---- Entries shown

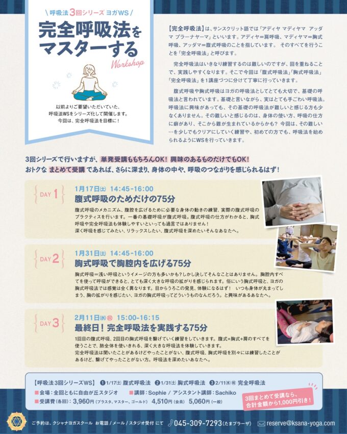 【呼吸法3回シリーズ、完全呼吸法をマスターするヨガWS】
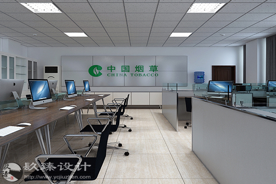 国内企业巨头烟草公司该怎么装呢,首先得有展示台吧,想到这点银川装修公司银川室内装修设计提出了自己的装修想法,将展台作为我们的装修重点,突出公司的独特形象气质,华丽的欧式吊灯昭示了烟草公司不一样的品味。
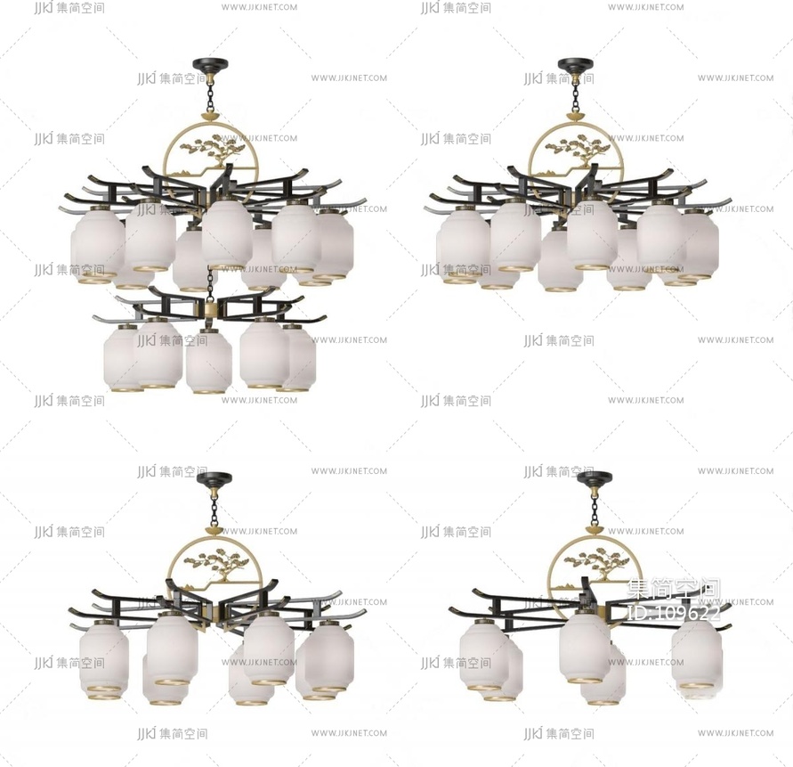 新中式金属铁艺多头吊灯 3d模型下载 [模型ID:109622]
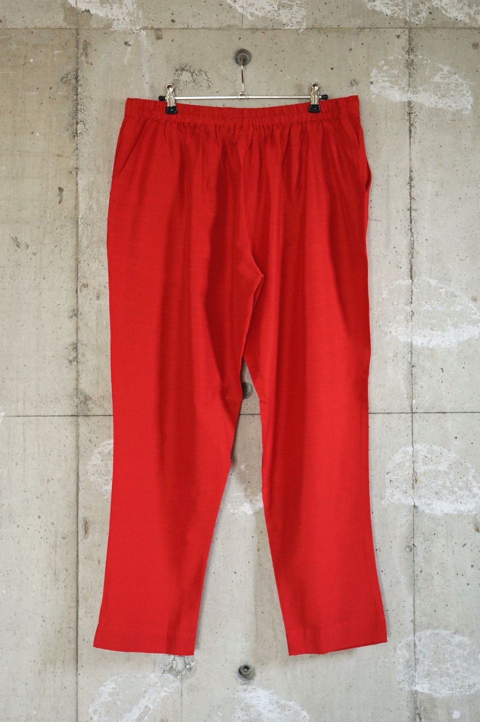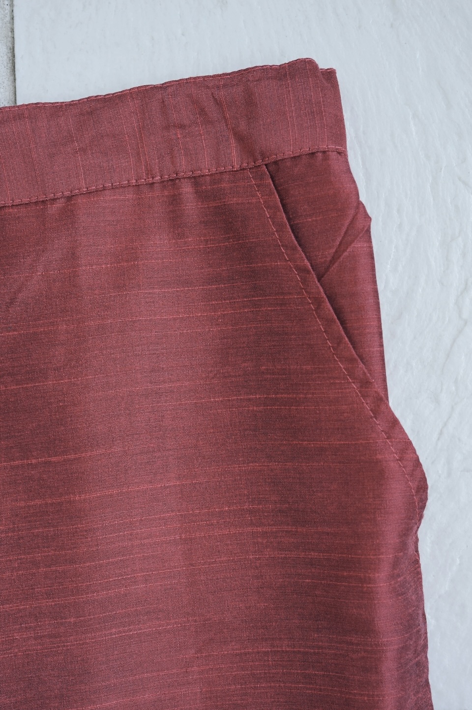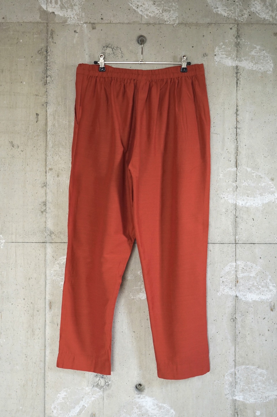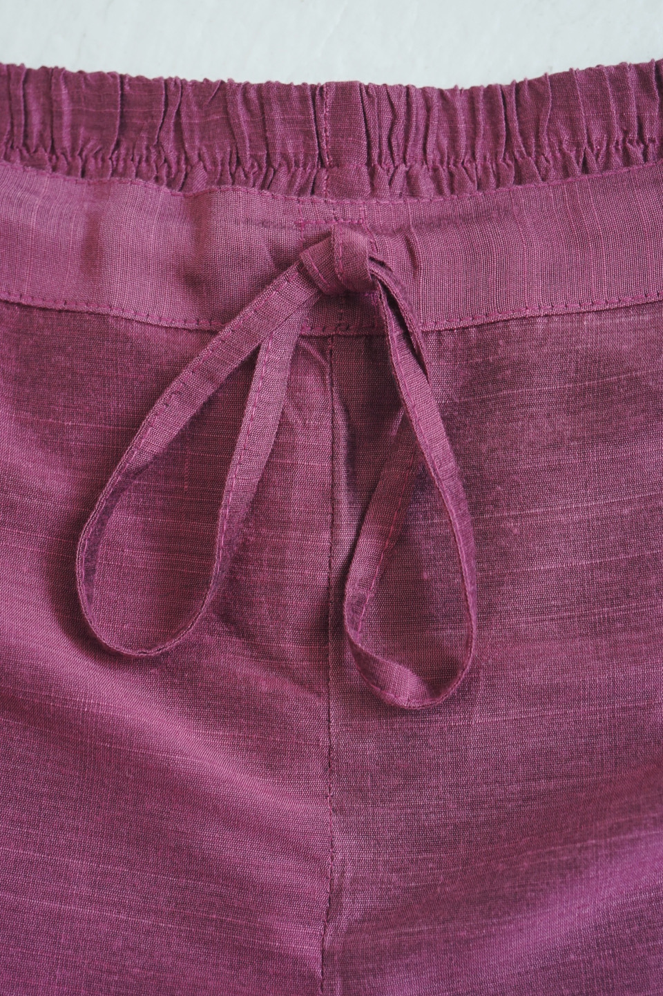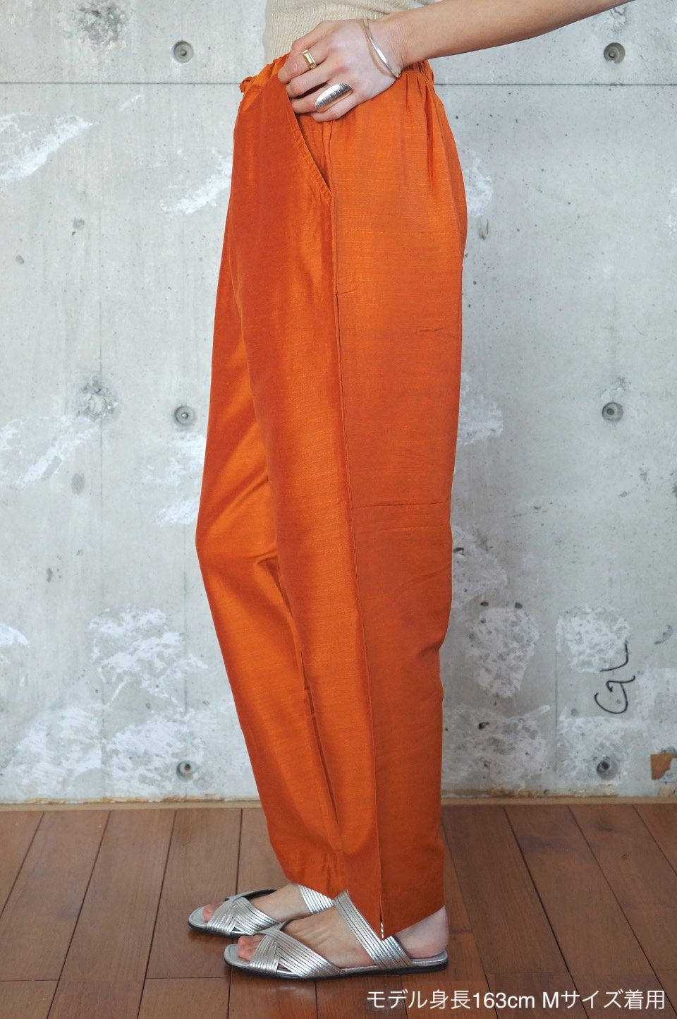 スラブ糸による表情豊かな質感が魅力のシルク素材のパンツ
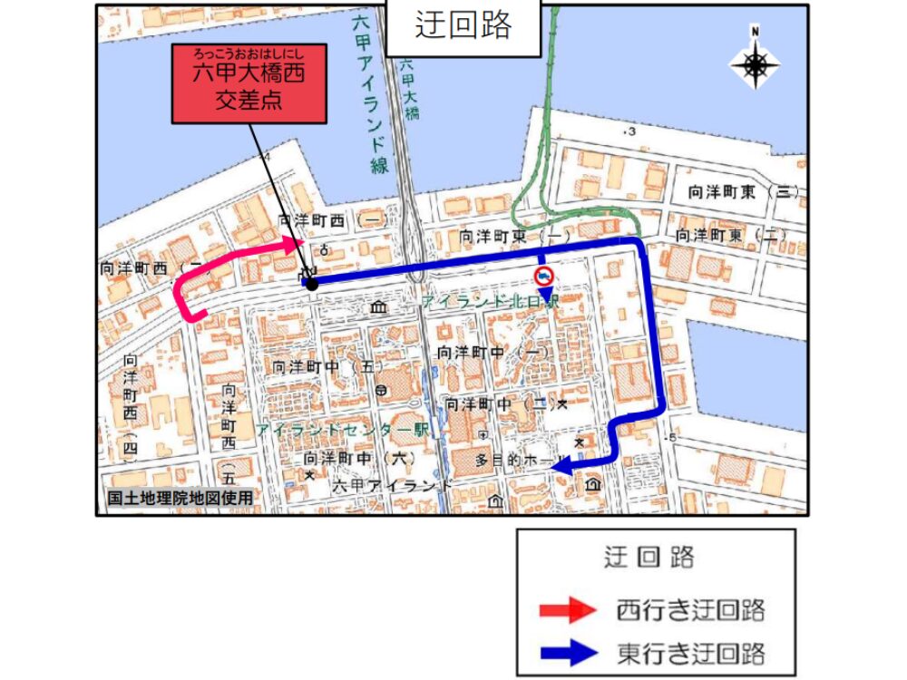 六甲アイランドの一部区間で『交通形態』の変更が行われます。大阪湾岸道路西伸部の橋梁工事に伴っての変更で、期間は約2年間です。
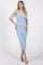Light Blue Off Shoulder Sleeveless Ruched Mesh Midi Dress
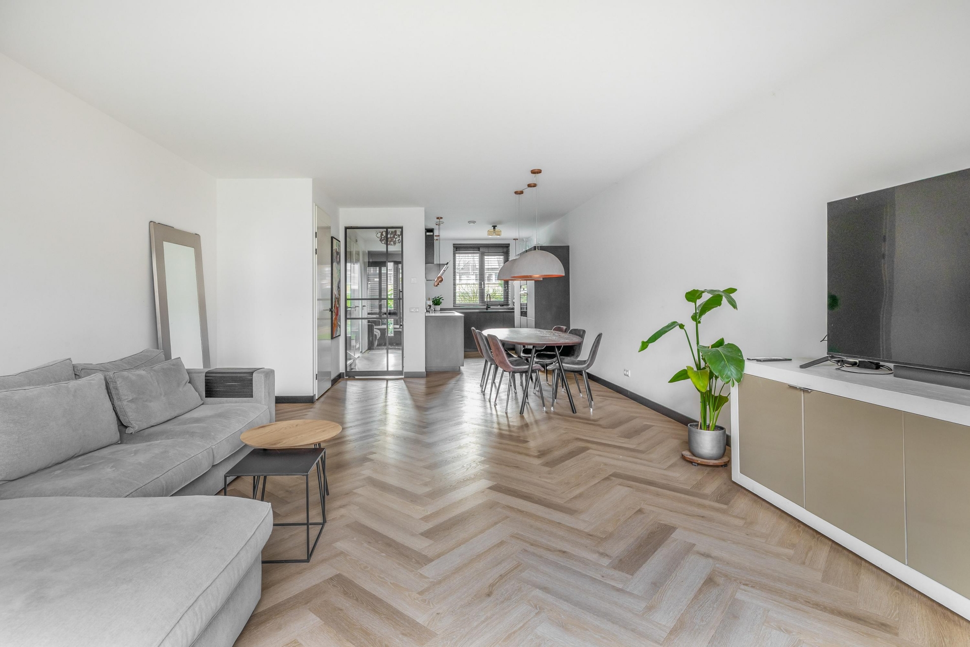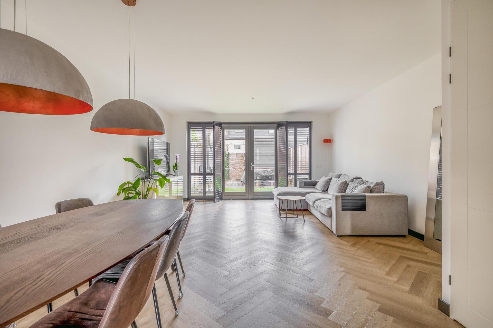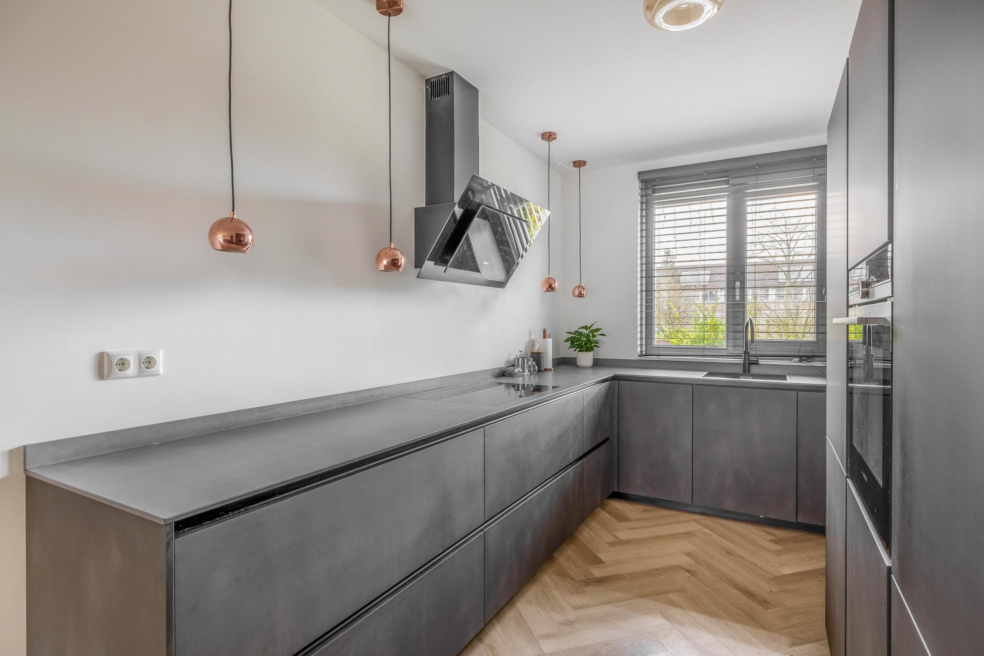 De woning is vanaf de bouw al voorzien van extra comfort. Op de begane grond is gekozen voor een uitbouw, waardoor de woonkamer royaal aanvoelt en mooi in verbinding staat met de tuin. De visgraat PVC-vloer met vloerverwarming, de grote raampartijen met luxe shutters en de openslaande deuren maken de ruimte licht en sfeervol. De open keuken aan de voorzijde is uitgerust met moderne apparatuur zoals inductie kookplaat met afzuigkap en een Quooker, een strak werkblad en veel opbergruimte – helemaal in lijn met de smaak van nu.
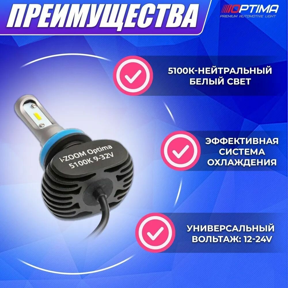 Лампы светодиодные, Optima, H4, LED i-ZOOM, чип Seoul-CSP, White белый свет(5100K). Устанавливаются в машины и мотоциклы с бортовой сетью 12 вольт и 24 вольта , (2 шт.)
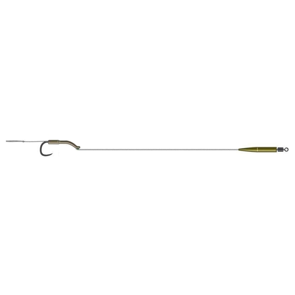 Een rig die het best tot zijn recht komt tijdens ‘stadaard’ situaties of bij het vissen tegen obstakels. Door de gemiddelde lengte en een goede krimpkous en Jungle Hook behoort deze rig absoluut tot onze eerste keus wanneer we uitpakken op wateren waar de karpers nog niet zo vaak zijn belaagd. Geknoopt met ons zeer soepele Chameleon. Hierdoor voelt de onderlijn zeer soepel aan en zal de aaspresentatie zeer natuurlijk overkomen op een karper. Dit in combinatie met een ijzersterke Jungle Hook en een line aligner maakt dat de haak ook zeer goed inzetbaar is tijdens het obstakelvissen. De line aligner zorgt er namelijk voor dat de haak op de juiste positie inhaakt.Verkrijgbaar in de haakmaten 4 en 6.

--------

Above are records; repeat only the lines from the line with "国内企业巨头烟草公司该怎么装" through the line with "De woning is", and leave pictures out.

• **Problem solution**:
 国内企业巨头烟草公司该怎么装呢,首先得有展示台吧,想到这点银川装修公司银川室内装修设计提出了自己的装修想法,将展台作为我们的装修重点,突出公司的独特形象气质,华丽的欧式吊灯昭示了烟草公司不一样的品味。
 新中式金属铁艺多头吊灯 3d模型下载 [模型ID:109622]
 スラブ糸による表情豊かな質感が魅力のシルク素材のパンツ
 六甲アイランドの一部区間で『交通形態』の変更が行われます。大阪湾岸道路西伸部の橋梁工事に伴っての変更で、期間は約2年間です。
Light Blue Off Shoulder Sleeveless Ruched Mesh Midi Dress
 De woning is vanaf de bouw al voorzien van extra comfort. Op de begane grond is gekozen voor een uitbouw, waardoor de woonkamer royaal aanvoelt en mooi in verbinding staat met de tuin. De visgraat PVC-vloer met vloerverwarming, de grote raampartijen met luxe shutters en de openslaande deuren maken de ruimte licht en sfeervol. De open keuken aan de voorzijde is uitgerust met moderne apparatuur zoals inductie kookplaat met afzuigkap en een Quooker, een strak werkblad en veel opbergruimte – helemaal in lijn met de smaak van nu.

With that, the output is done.